Along with its slate of almost two dozen features, documentaries, and shorts, the NYJFF also has special classic screenings. The 1975 period drama, Hester Street, directed by Joan Micklin Silver, will have a 50th anniversary screening of a new restoration. The film recreates Jewish immigrant life on New York’s Lower East Side at the turn of the century, and features Carol Kane in an Oscar-nominated performance. The 1922 silent feature Breaking Home Ties, a film once believed lost, will be shown with a new digital restoration by the National Center for Jewish Film, and is now presented with a newly recorded score performed by Grammy Award-winning musicians.
The Opening Film of the festival, Midas Man, is an empathetic biopic on Brian Epstein, the Jewish and gay music lover and visionary man who discovered and then managed the Beatles in the 1960s before his tragic death at age 32. The seismic impact of the Beatles on popular culture continues to reverberate 60 years after they took The Ed Sullivan Show by storm in February 1964. Yet that revelatory TV appearance never would have taken place—and the band may never have been discovered—if not for Epstein.
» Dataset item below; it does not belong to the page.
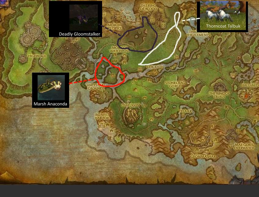 The highest level beasts are found in Nagrand and there are 3 of them that are in the Northwestern part of Nagrand that have higher and consistent drop rates: Marsh Anacondas, Thorncoat Talbuks, and Deadly Gloomstalkers. You can farm these all day but remember every time you skin you have a chance to get a Primal Spirit so don’t pass up other enemies while running these routes.

Directed by Joe Stephenson and written by Brigit Grant, the film features a deeply moving Jacob Fortune-Lloyd (The Queen’s Gambit) as Epstein, with a cast that includes Jonah Lees as John Lennon, Blake Richardson as Paul McCartney, Emily Watson and Eddie Marsan as Epstein’s parents, and Jay Leno as Ed Sullivan.
In the Centerpiece Film, Of Dogs and Men, filmmaker Dani Rosenberg dives headfirst into the psychological horrors of our contemporary world with this experiential account of a teenager named Dar (Ori Avinoam), who returns home to her kibbutz searching for her missing dog in the aftermath of Hamas’s October 7 attacks in Israel, filmed in late October 2023. Of Dogs and Men takes a humanist approach to the ongoing conflict, reckoning with both the horrifying losses within her Jewish community and the imminent tragic violence of retribution in Gaza.
The Closing Film, Ain’t No Back to a Merry-Go-Round, is a timely and uplifting evocation of cooperative political protest. Ilana Trachtman’s documentary recalls a crucial 1960 chapter in the Civil Rights Movement when protesting Black students were joined by Jewish locals as they perched defiantly on a merry-go-round in Maryland’s segregated Glen Echo Amusement Park. Ain’t No Back to a Merry-Go-Round reminds viewers of the importance of collaboration and humility in the face of injustice and features a voice-over cast that includes Mandy Patinkin, Jeffrey Wright, and Dominique Thorne, among others.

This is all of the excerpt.